Sridhar attributes the pat to both factors. "Industry progress as well our own R&D has helped. We provide choices with layers and connectors in our entire set. In fact, gone are the days when one organization can cover all the distance. Combined development efforts in the industry are commendable. That's why we are proud of good relationships with our partners and we can boast of a great ecosystem."

 

The company has been growing in all directions and taking partners or new adopted kids under its fold with quite an embrace. From acquisitions to partnerships, there is always some news worth noting.

For instance, a change in equations with stalwarts like EMC, seems not to perturb Dell's trajectory.

Atkinson reflects that Dell was in an OEM slot there and it was a win-win situation for both. "OEM relationships are tipping your toes in water. Reselling and IP areas are a different game. The value is in delivering it is with a good storage strategy. And Dell has ensured that customers are not hit unfairly with such changes. There was no dichotomy at our end after the decision happened, so that our customers kept feeling smooth. We eased them out without any sharp in-your-face discriminations."

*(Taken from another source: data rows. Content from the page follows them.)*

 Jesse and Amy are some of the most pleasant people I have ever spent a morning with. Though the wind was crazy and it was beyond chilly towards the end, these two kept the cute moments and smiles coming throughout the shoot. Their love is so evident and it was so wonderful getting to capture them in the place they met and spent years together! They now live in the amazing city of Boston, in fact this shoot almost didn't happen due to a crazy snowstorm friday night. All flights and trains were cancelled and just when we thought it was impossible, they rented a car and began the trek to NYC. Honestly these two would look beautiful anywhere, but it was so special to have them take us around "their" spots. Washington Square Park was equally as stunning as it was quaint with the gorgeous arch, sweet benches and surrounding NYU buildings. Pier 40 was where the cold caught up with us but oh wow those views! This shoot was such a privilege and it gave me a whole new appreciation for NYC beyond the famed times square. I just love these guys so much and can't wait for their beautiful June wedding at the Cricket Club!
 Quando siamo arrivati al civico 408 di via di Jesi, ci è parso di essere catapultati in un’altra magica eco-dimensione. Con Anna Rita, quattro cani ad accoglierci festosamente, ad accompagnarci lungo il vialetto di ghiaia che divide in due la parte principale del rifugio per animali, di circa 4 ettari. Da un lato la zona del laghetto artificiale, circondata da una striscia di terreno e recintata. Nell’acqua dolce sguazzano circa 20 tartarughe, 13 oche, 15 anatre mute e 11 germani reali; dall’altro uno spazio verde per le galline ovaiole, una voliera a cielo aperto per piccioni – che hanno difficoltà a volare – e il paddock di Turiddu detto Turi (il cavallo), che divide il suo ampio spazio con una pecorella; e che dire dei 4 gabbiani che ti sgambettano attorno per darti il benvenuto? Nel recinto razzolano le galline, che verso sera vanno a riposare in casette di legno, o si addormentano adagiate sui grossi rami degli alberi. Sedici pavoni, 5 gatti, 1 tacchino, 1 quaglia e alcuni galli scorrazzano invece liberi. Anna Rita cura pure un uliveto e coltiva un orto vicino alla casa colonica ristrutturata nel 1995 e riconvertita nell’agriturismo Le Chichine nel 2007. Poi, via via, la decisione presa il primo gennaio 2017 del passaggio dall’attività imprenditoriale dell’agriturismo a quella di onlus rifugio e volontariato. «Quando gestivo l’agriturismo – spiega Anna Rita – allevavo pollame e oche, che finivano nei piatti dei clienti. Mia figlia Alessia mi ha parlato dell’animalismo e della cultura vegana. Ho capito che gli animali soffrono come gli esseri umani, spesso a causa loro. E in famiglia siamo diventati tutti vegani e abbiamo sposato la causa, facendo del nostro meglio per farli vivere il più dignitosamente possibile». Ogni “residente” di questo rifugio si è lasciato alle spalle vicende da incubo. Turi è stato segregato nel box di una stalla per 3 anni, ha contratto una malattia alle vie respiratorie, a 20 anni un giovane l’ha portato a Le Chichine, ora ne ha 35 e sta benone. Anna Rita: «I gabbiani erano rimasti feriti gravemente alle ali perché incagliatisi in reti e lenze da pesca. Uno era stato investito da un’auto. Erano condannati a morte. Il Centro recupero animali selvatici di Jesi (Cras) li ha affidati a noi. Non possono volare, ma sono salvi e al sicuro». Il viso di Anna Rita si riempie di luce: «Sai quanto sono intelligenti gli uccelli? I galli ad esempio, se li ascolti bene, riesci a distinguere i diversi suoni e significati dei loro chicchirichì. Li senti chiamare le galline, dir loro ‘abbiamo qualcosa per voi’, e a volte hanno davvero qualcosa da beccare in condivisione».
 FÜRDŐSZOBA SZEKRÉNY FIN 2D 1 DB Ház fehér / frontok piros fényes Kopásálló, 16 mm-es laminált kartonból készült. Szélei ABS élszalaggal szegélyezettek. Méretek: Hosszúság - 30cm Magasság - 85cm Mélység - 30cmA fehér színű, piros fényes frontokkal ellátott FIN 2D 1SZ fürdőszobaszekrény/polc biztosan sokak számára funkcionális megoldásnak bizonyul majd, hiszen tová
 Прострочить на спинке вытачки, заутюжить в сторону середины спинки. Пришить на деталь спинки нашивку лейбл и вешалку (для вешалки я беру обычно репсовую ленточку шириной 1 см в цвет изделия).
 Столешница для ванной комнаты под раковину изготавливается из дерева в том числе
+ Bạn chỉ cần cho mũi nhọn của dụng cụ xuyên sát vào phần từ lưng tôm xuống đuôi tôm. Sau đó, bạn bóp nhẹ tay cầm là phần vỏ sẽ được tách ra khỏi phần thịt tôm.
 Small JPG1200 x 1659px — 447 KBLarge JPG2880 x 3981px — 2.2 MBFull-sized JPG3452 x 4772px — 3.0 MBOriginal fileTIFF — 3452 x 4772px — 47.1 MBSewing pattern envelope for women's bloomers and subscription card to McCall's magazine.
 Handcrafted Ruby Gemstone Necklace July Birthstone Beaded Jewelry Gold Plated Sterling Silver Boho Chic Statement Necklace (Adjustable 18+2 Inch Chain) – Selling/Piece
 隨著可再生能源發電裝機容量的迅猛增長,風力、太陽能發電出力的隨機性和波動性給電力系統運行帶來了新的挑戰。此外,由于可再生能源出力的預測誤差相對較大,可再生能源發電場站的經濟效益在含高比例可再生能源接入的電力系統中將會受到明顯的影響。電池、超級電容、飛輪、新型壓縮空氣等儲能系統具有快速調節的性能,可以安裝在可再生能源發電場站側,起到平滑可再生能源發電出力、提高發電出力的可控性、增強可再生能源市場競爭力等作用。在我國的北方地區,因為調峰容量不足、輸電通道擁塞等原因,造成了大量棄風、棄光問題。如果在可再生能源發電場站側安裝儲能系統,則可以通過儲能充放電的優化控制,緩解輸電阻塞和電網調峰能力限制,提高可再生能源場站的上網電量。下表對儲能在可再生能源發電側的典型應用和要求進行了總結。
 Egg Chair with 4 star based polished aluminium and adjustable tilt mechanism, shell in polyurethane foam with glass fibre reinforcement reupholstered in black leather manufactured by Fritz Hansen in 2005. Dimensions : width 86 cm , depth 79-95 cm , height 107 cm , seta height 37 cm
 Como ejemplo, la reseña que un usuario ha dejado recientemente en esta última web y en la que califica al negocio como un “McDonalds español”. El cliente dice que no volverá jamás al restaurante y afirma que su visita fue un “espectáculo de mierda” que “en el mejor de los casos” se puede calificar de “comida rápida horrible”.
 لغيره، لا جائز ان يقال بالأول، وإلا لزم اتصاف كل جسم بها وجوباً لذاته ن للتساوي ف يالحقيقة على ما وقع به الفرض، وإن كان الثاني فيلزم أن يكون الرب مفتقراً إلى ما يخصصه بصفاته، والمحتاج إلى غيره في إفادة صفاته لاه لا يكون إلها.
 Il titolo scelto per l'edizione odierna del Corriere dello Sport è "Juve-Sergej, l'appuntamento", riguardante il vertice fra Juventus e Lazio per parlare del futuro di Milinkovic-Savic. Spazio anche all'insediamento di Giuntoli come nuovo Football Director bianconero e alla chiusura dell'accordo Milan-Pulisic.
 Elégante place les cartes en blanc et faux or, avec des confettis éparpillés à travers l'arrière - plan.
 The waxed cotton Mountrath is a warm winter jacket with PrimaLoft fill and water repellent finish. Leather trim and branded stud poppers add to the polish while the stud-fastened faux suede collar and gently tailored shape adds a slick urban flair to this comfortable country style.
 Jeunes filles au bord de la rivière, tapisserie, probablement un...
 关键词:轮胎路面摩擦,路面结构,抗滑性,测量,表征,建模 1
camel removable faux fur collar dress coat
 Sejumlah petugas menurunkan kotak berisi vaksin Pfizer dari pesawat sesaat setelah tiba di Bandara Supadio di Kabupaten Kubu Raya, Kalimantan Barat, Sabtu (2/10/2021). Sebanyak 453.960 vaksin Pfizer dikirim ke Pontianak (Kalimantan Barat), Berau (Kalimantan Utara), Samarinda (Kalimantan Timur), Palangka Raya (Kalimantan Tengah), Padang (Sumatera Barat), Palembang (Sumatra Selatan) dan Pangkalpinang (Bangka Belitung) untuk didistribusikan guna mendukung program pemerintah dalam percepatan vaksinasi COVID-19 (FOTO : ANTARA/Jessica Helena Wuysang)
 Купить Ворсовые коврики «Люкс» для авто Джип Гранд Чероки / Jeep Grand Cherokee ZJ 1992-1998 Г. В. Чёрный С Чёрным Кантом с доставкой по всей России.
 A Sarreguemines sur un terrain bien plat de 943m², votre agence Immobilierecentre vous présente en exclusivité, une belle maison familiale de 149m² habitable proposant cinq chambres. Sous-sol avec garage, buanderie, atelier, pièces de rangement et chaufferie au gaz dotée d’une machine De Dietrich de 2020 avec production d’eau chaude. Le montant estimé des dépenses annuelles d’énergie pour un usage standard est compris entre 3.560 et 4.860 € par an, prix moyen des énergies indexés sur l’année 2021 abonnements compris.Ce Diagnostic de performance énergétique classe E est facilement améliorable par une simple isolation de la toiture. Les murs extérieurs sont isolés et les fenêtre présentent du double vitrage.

Bahl highlights that one of the key challenges for Dell is to integrate all its software acquisitions into a cohesive product line to position itself as a true software player.

Sridhar on the other hand, feels that the approach is on the right track here though. "Each acquisition is so well aligned to our strategy and open standards that our customers can feel it right on. Our solutions resonate the needs of market and it is not because of only our sales push. With acquisitions we make sure to blend them properly, and fluid data architecture or Gale (where we could shrink its very roadmap by 12 o 15 years) or anything else, we have the ‘fluid forward' tenet sounding very strongly in and around Dell."

All said...

The Dell-on-Dell approach has also allowed the company to pick lessons by wiping other guinea pigs off the table. "The biggest lesson has been that customers want business outcomes. No one buys technology for the sake of it. We have been taking customer feedback and incorporating it every level, from strategic moves to products."

In Bahl's reckoning, opportunities are right there and up for grabs if one sees it well.

Mobility (BYOD, customer and partner facing applications) has started CIOs to rethink their security strategy and they are looking for vendors with strong security services background to help them address mobility aspect for their organization. "Dell has an opportunity to position itself as a strong security services player in the market. However, a lot will depend on how well Dell executes its services strategy in the country."

Services, open-play, end-to-end menu card and room for radical changes; all that says a lot on what Dell may be up to. With all this change that the company is going through, the top brass here echoes what boss might be saying with a thrust on other tables.

 

Atkinson makes it clear commenting on turnaround, "We are making the right interventions, doing the right things and in the right ways."

Straws to sip, or straws to swim out of drowning waters, it's all about the right grip.